Available data:
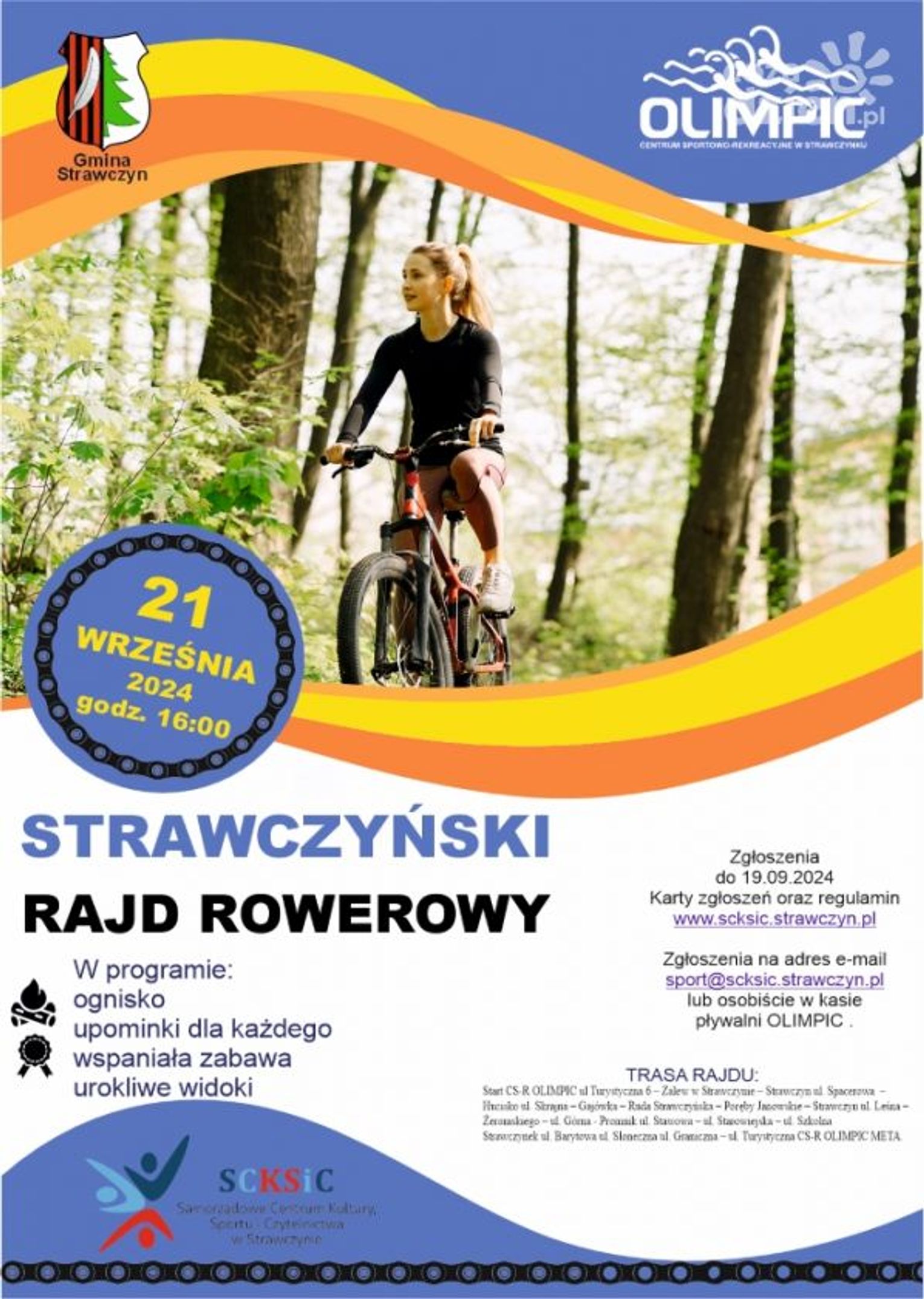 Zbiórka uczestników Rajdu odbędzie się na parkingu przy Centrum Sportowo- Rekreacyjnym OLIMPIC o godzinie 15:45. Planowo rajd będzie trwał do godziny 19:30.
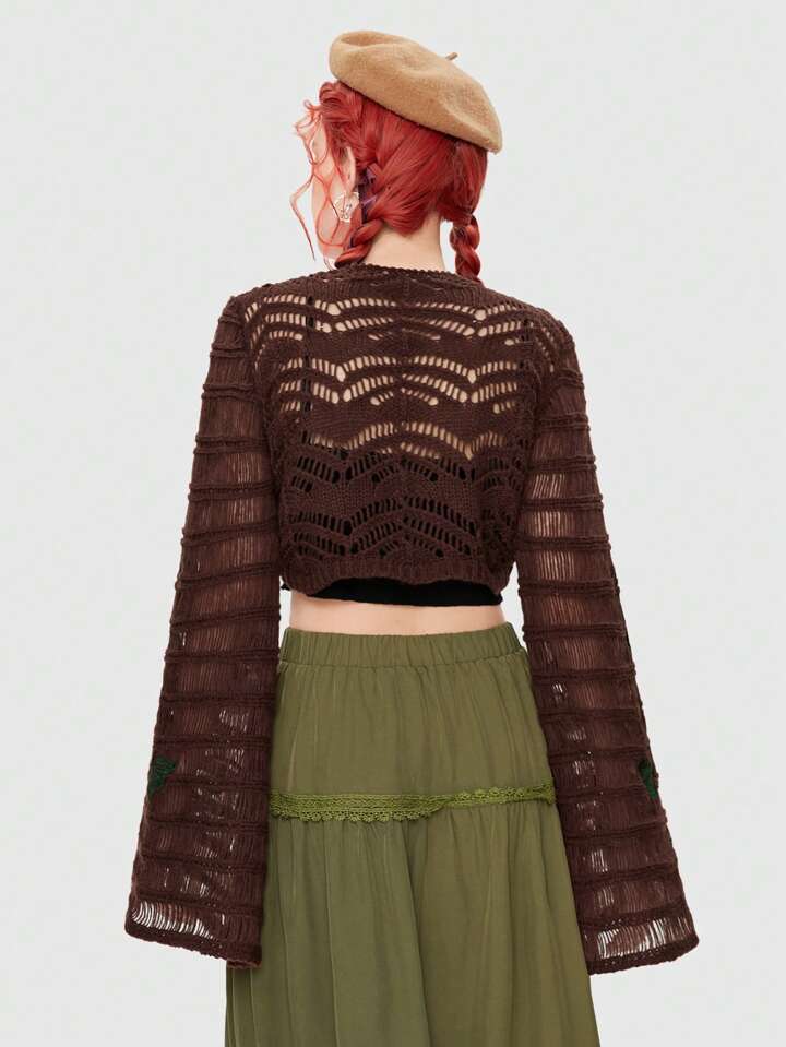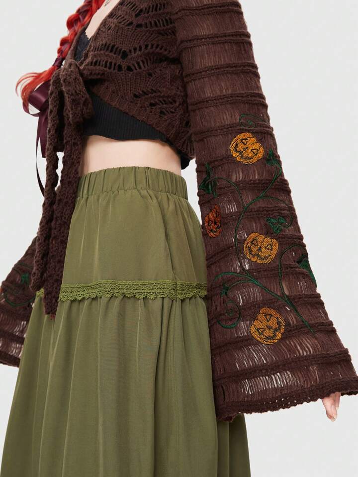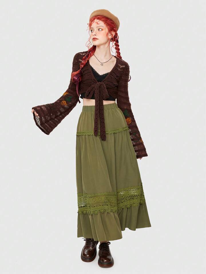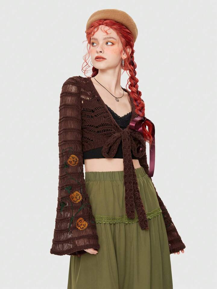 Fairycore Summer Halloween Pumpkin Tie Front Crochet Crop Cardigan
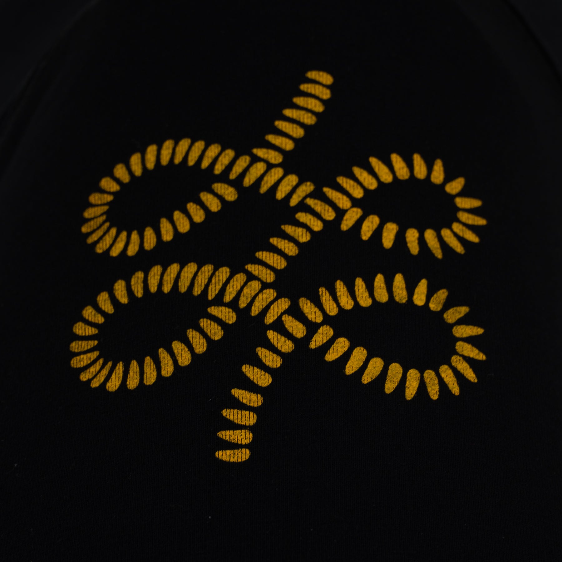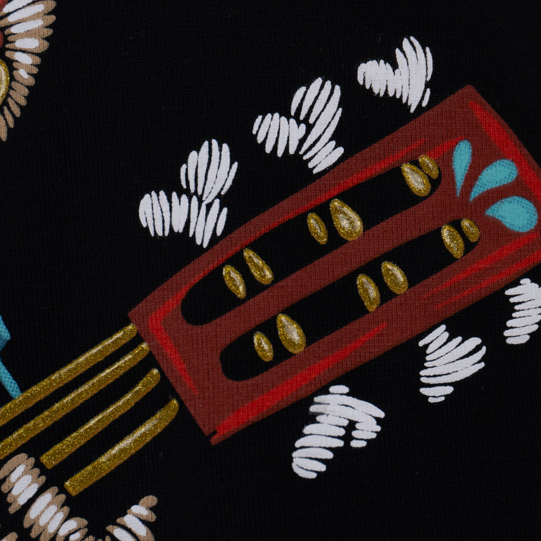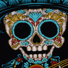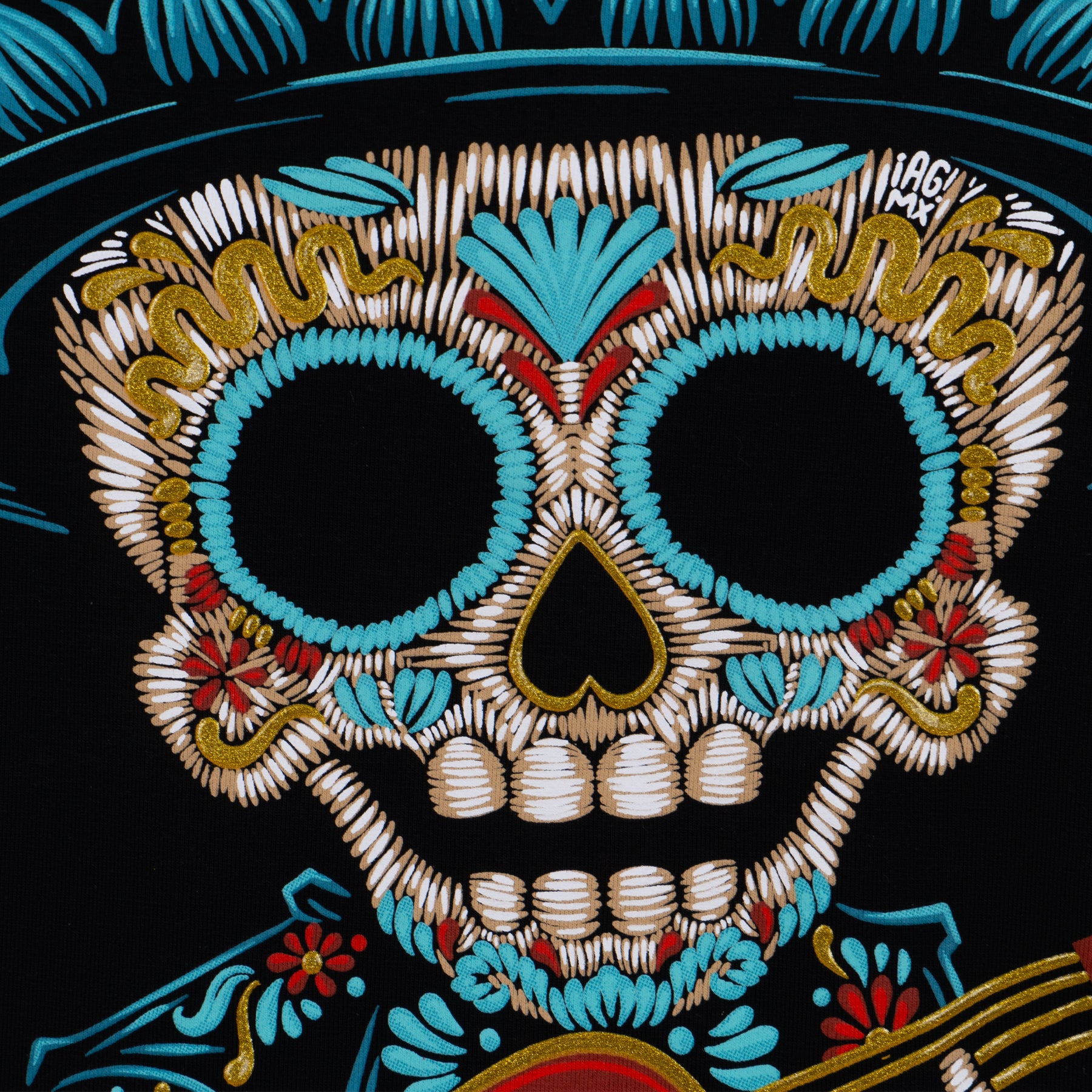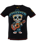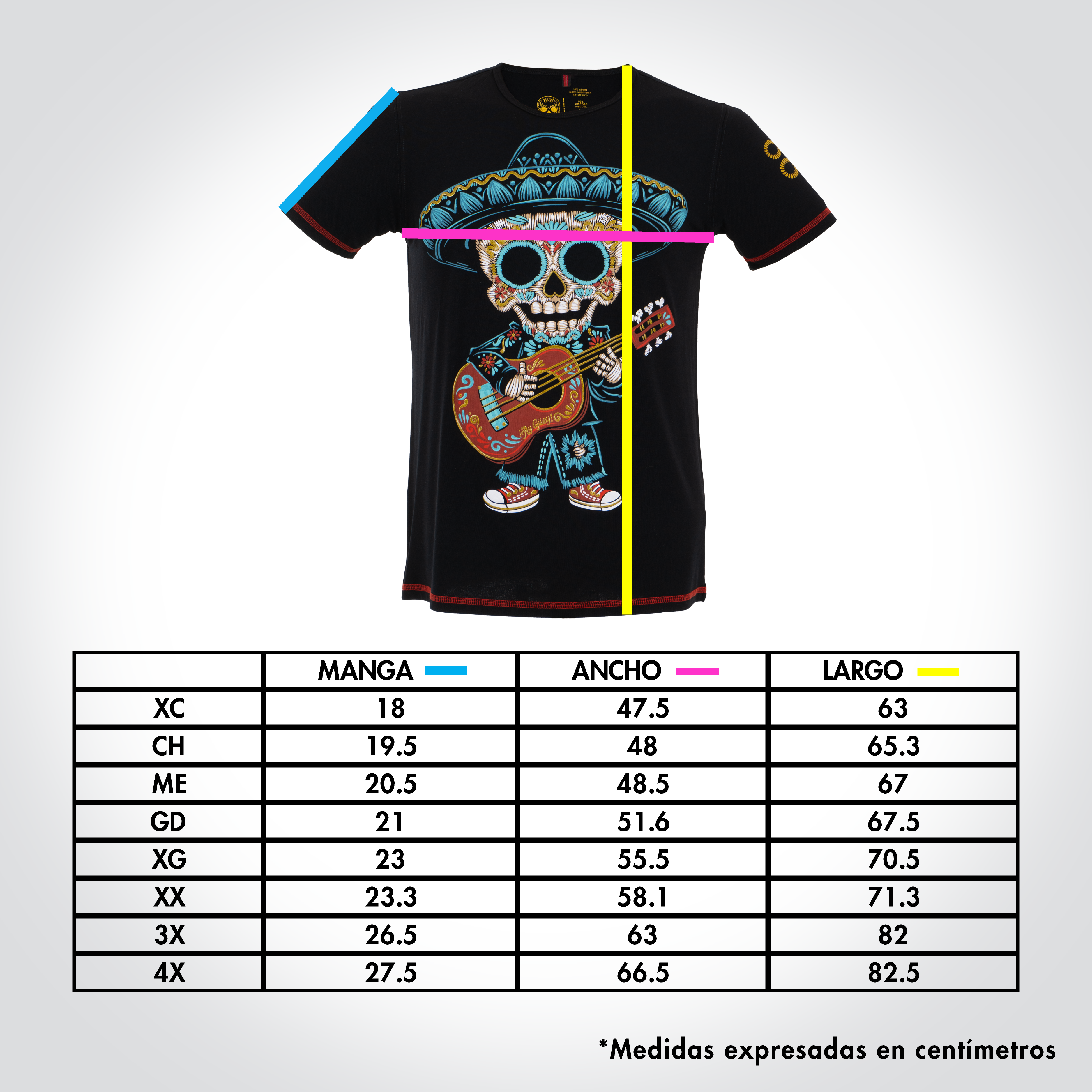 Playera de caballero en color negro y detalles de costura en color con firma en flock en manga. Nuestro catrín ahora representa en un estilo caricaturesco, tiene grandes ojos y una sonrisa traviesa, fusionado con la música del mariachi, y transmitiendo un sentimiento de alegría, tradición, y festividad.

Task requirements:
Write the material out again exactly. Do not include the pictures.

Response to this exercise:
 Zbiórka uczestników Rajdu odbędzie się na parkingu przy Centrum Sportowo- Rekreacyjnym OLIMPIC o godzinie 15:45. Planowo rajd będzie trwał do godziny 19:30.
 Fairycore Summer Halloween Pumpkin Tie Front Crochet Crop Cardigan
 Playera de caballero en color negro y detalles de costura en color con firma en flock en manga. Nuestro catrín ahora representa en un estilo caricaturesco, tiene grandes ojos y una sonrisa traviesa, fusionado con la música del mariachi, y transmitiendo un sentimiento de alegría, tradición, y festividad.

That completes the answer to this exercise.